START ENTRIES SHOWN
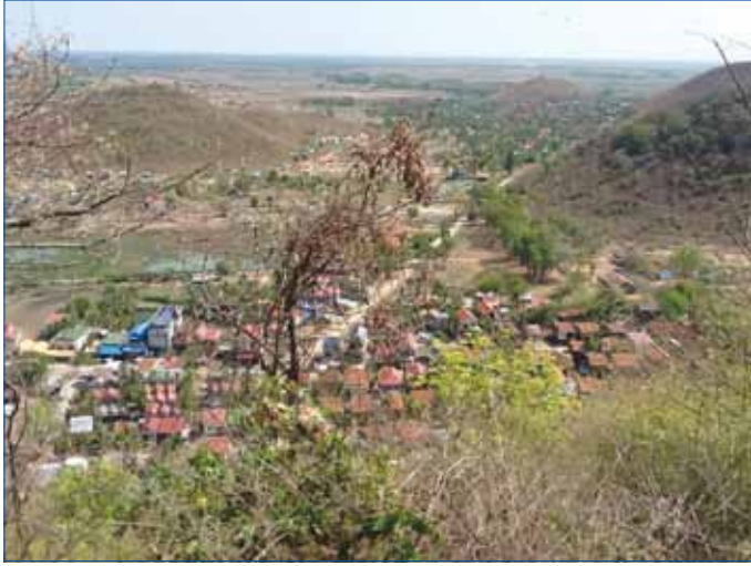
ទិដ្ឋភាពទិរ្វមស្រុកជលគិរី ខេត្តកំពង់ឆ្នាំង

ការអភិវឌ្ឍន៍ទាមទារការបោះជំហានទៅមុខដោយ សន្សឹមៗ ។ មួយជំហានម្តងៗនិងឆ្ពោះទៅដល់គោលដៅចុងក្រោយយ៉ាងពិតប្រាកដ ។ និយាយពីការអភិវឌ្ឍន៍គឺមិនមែនប្រដូចបានទៅនឹងការយល់សប្តិបានទេ ប៉ុន្តែគឺមានគោលការណ៍ មានផែនការជាដំណាក់កាលច្បាស់លាស់ណាស់ ។ ស្រុកជលគិរីកំពុងស្ថិតក្នុងស្ថានភាពនេះ ។ ដំណើរការអភិវឌ្ឍរបស់ស្រុកនេះចាប់ផ្តើមចេញពីបាតដៃទទេ ក្រោយឆ្នាំ ១៩៧៩ ប៉ុន្តែជាង ៣៥ ឆ្នាំ ក្រោយមក មានសមិទ្ធផលលេចធ្លោជាច្រើនដែលយើងបានឃើញច្បាស់ផ្ទាល់ភ្នែក ។ អភិវឌ្ឍន៍មិនមែនជាការយល់សប្តិ ប៉ុន្តែកាលពី ៣៥ ឆ្នាំមុន អ្នកស្រុកជលគិរីសូម្បីតែយល់សប្តិក៏មិនអាចនឹកឃើញថាខ្លួនកសាងបាននូវសមិទ្ធផលដ៏ច្រើនបែបនេះដែរ ។ មែនហើយ មហិទ្ធភាពនៃការអភិវឌ្ឍរបស់ប្រជាជននៅស្រុកជលគិរីមិនបានបញ្ចប់ត្រឹមនេះទេ ប៉ុន្តែត្រូវធ្វើដំណើរទៅមុខទៀត ក្រោមការដឹកនាំរបស់រាជរដ្ឋាភិបាលកម្ពុជាសម្រាប់នីតិកាលទី ៥ នៃរដ្ឋសភា ។
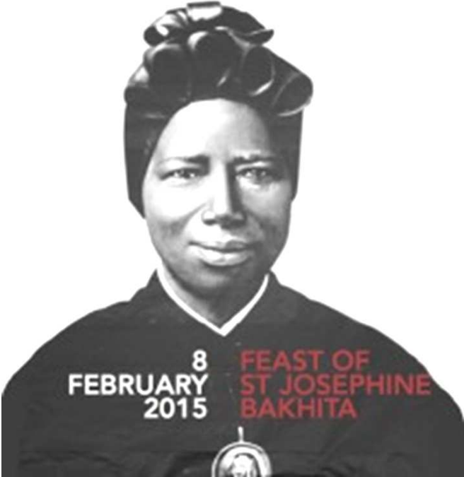
Slave become Saint – St. Josephine Bakhita

ആഫ്രിക്കൻ രാജ്യമായ സുഡാനിൽ അടിമക്കച്ചവടക്കാർ തട്ടിക്കൊണ്ടു പോവുകയും, പിന്നെയും വേറെ മുതലാളിമാർക്ക് മറിച്ച് വിലക്കുകയും, ക്രൂരമായ പീഡനങ്ങൾക്ക് വിധേയയാക്കപ്പെടുകയും ചെയ്ത ജോസഫിൻ ബക്കിത്ത എന്ന യുവതി പിന്നീട് വിശുദ്ധയായത് ചരിത്രമാണ്.
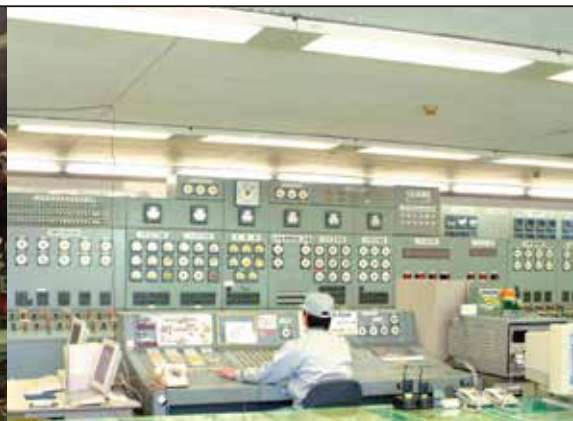
特高受変電所監視室
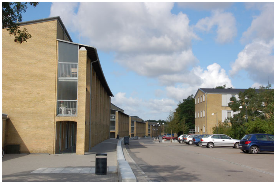
Figur 3. Arkaderne i Tingbjerg med nyrenoverede lejligheder står klar til at modtage familier, som gerne vil bo i en moderne bolig med let adgang både til byen og til grønne omgivelser. Arkaderne ligger midt i bebyggelsen tæt på skole, børneinstitutioner, indkøb og offentlig transport. Beboerne har direkte adgang til have fra bagsiden af husene. Fra stueetagen er der adgang via en trappe fra den enkelte bolig. Boligerne på 1. og 2. sal har adgang via en fælles hoveddør fra opgangen.
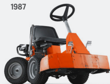
Ein früher Prototyp
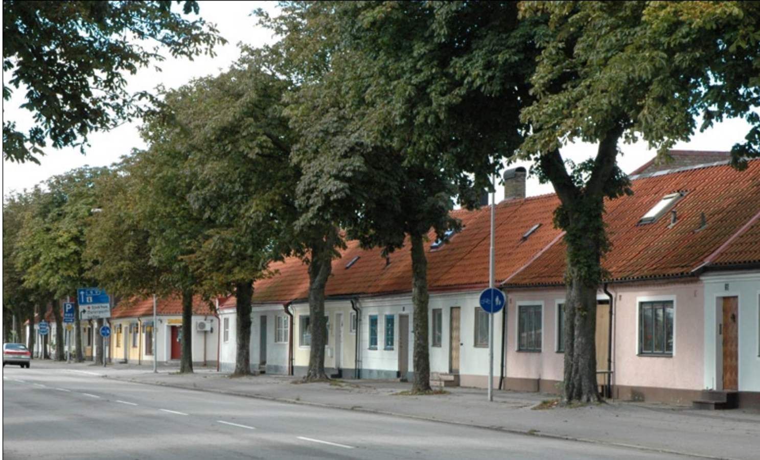
Östra Förstaden ut mot Österleden.
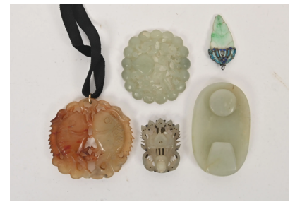
69 CHINE XXe siècle

Ensemble de quatre groupes, trois en néphrite céladon comprenant une plaque sculpté d'une chauve-souris, une pêche et un phénix, un en jadéite verte et émail peint en forme de feuille et un en cornaline de deux poissons.
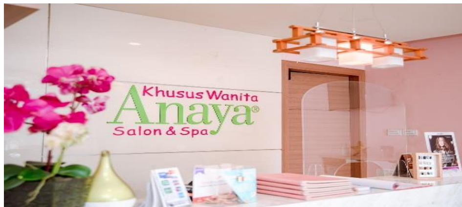
Gambar 2.1 Anaya Salon N Spa

Anaya Salon N Spa terletak di Jl. Teuku Umar No. 56, Sawah Brebes, Kec. Tanjung Karang Timur, Bandar Lampung, Lampung 35121, No. Telepon : (0721) 5604222
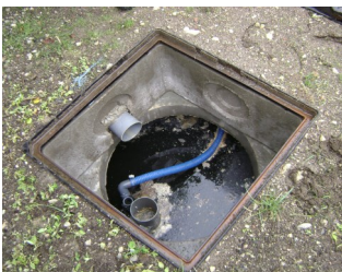
Partie 1 de la microstation : Le décanteur
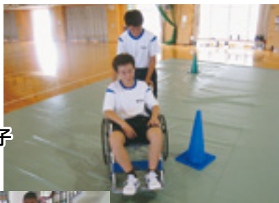
阿波中学校2年生 福祉体験授業の様子
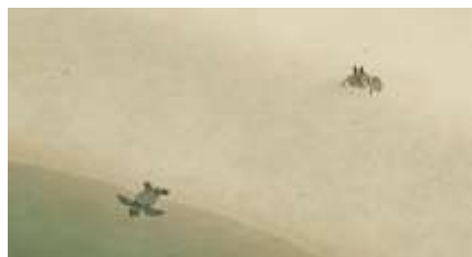
Échecs successifs - 2 -
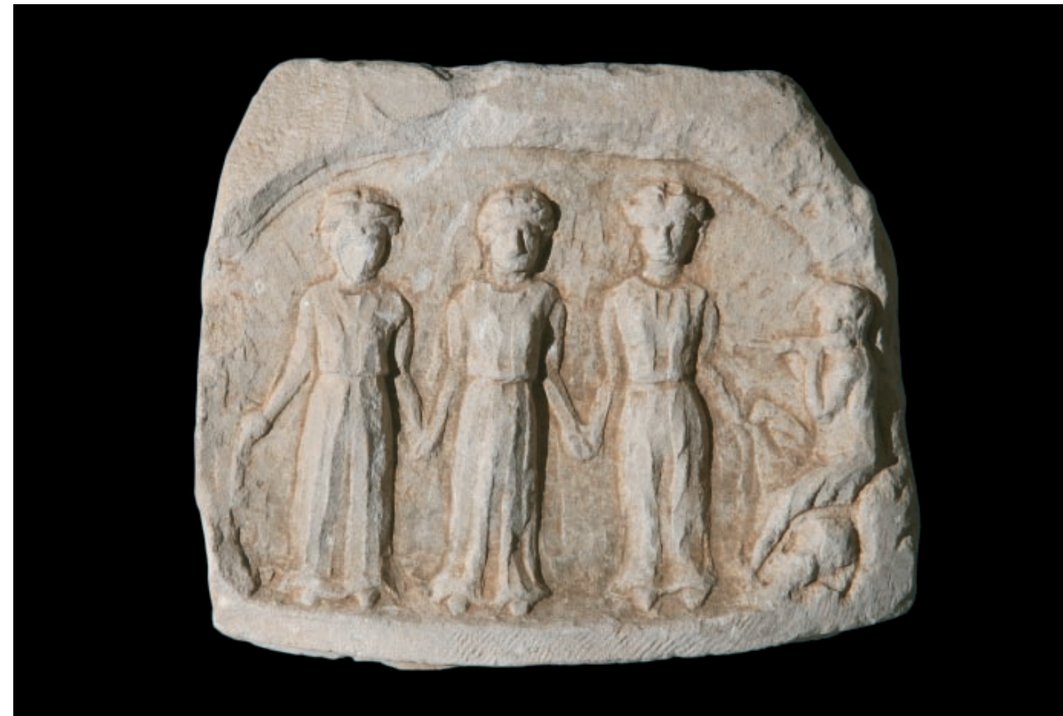
Slika 2. Reljef s Klisa, s prikazom Silvana koji sjedi i tri nimfe koje plešu. Arheološki muzej u Splitu
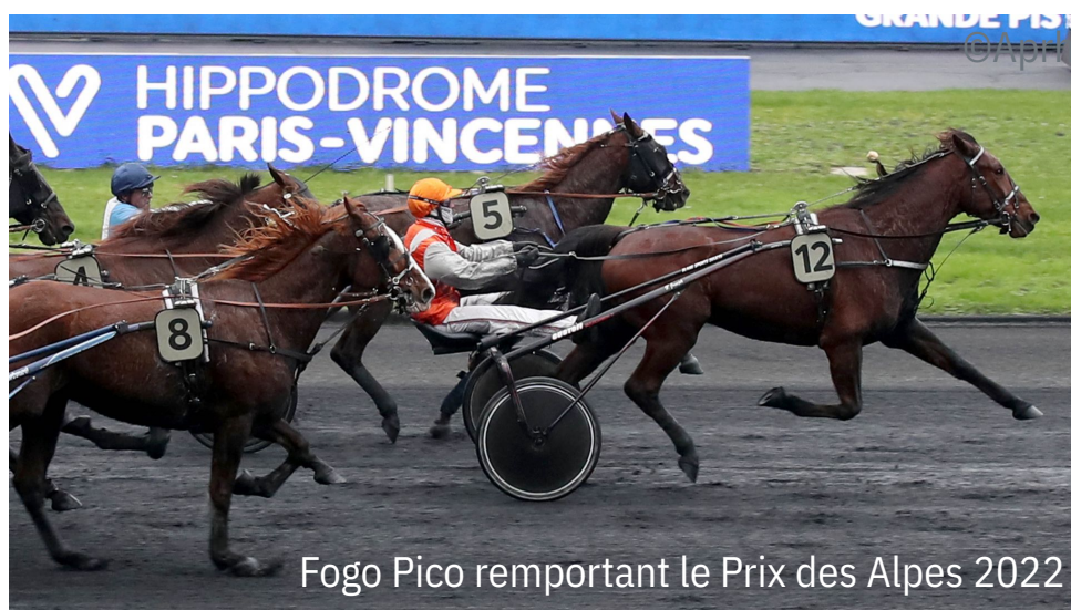
Fogo Pico remportant le Prix des Alpes 2022
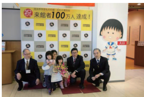
来館者 100 万人達成
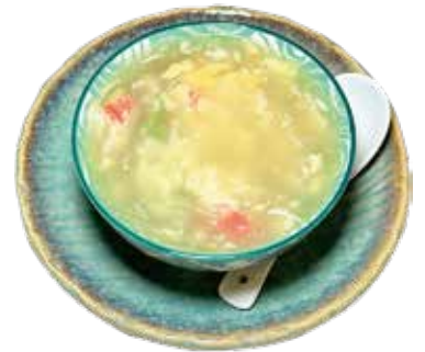
39 ZUPPA DI SURIMI E ASPARAGI soup surimi* and asparagus
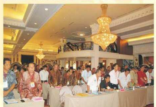
Para peserta Rakernas II PERWAGUZSI
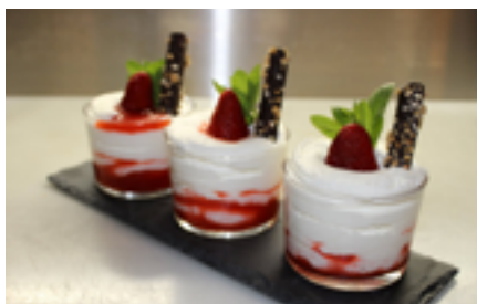
Recepta i imatge: www.lacuinadesempre.cat

Poseu una base de coulis al fons dels vasos. Ompliu el vaset amb la nata muntada, deixant un forat al mig. Ompliu aquest forat amb més coulis i decoreu amb una maduixa i alguna peça de xocolata.
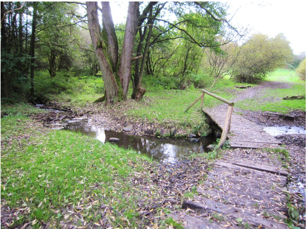
Der Dönchebach unterhalb der documenta-urbana-Siedlung

In den Sommermonaten der letzten Jahre bestand immer wieder die Gefahr, dass die Dönche als größtes innerstädtisches Natur-
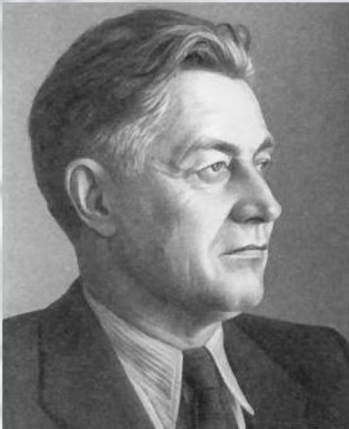
Слова А. А. Суркова
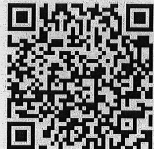
หน้าที่ความรับผิดชอบของตำแหน่งฯ
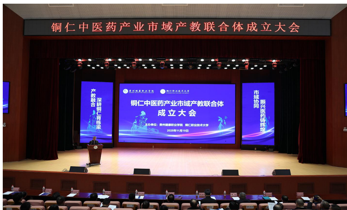
图 5-2：学院牵头成立《铜仁中医药产业市域产教联合体》

健康管理能力的技术技能人才。二是立足专业特色，创新开展多元协同育人新模式。2025 年学院与广东伊丽汇美容科技有限公司、同芙教育科技集团有限公司、苏州盛达药业有限公司、铜仁市中医院开展现代学徒制、订单班培养，现共计 44 人。三是立足校政企行资源优势，打造产教融合协同育人平台。2025 年 4 月召开铜仁市健康养老职业教育集团（铜仁市健康养老行业产教融合共同体）第二届理事会会议，新增 4 家企事业单位为理事单位，目前理事会单位共计 67 家；2025 年 11 月铜仁中医药产业市域产教联合体成立大会顺利开展，目前成员单位 77 家；积极参与行业产教融合共同体建设，2025 年申请成为全国中医药康养产教融合共同体、全国医护康养行业产教融合共同体理事单位。
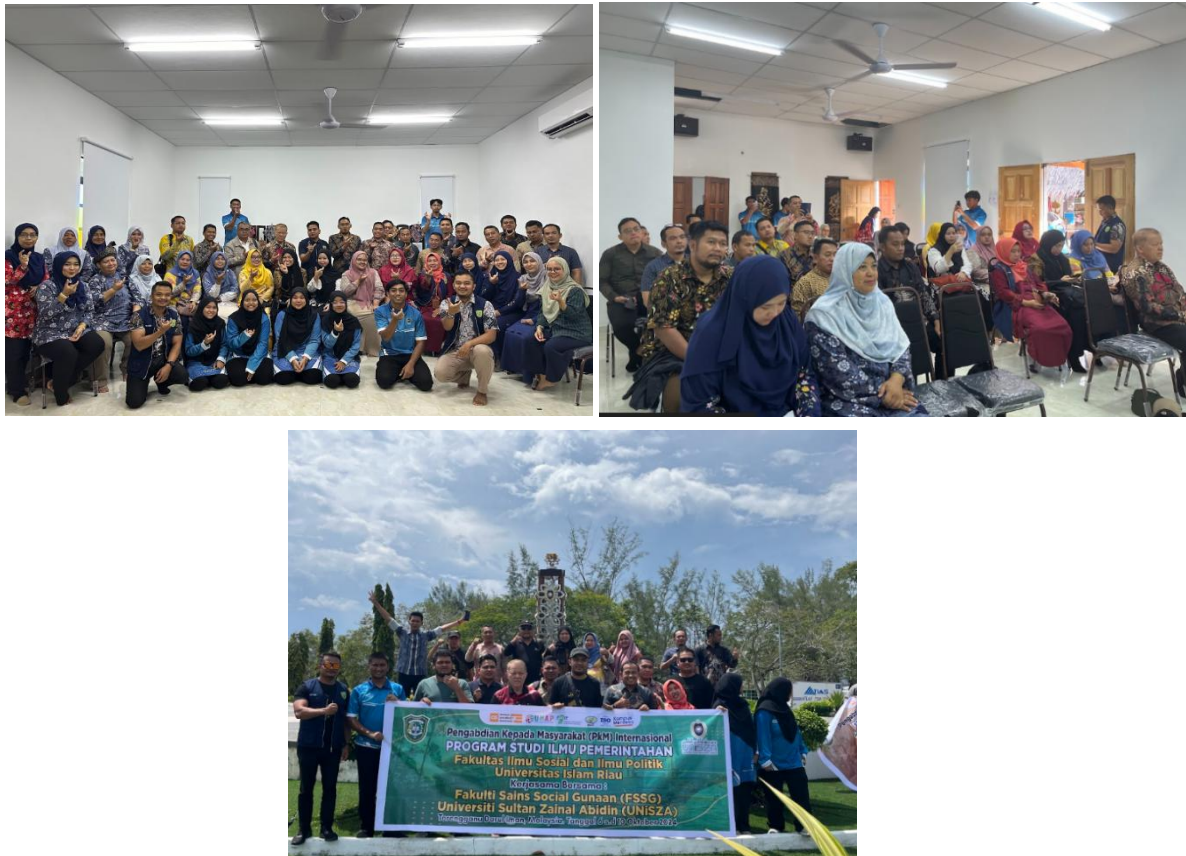
Figure 3. Pelaksanaan Pengabdian

Dari model solusi diatas salah satu bentuk kolaboratif dalam anti kemiskinan melalui pemanfaata teknologi. Ini sesuai dengan Riset yang penulis lakukan , dimana Penggunaan e - government dalam pengolahan data kemiskinan untuk bantuan sosial menghadapi kendala terkait kesiapan teknologi dan pengetahuan teknologi(Fikri et al. , 2023). Penelitian ini menekankan pentingnya penerimaan dan kompatibilitas teknologi untuk e - government dalam aplikasi data kemiskinan(Fikri et al. , 2023).
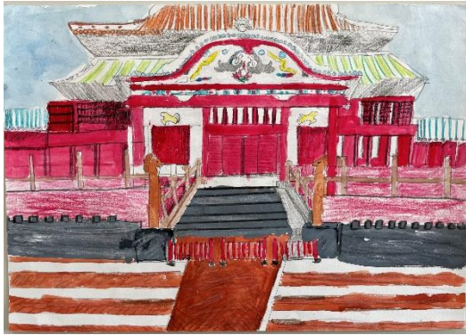
北海道 イオン チアーズクラブ 旭川駅前 (小5)
END ENTRIES SHOWN
*ASSIGNMENT*
Wherever "Salon" turns up in the records, copy the whole line.

*REPLY*
Gambar 2.1 Anaya Salon N Spa
Anaya Salon N Spa terletak di Jl. Teuku Umar No. 56, Sawah Brebes, Kec. Tanjung Karang Timur, Bandar Lampung, Lampung 35121, No. Telepon : (0721) 5604222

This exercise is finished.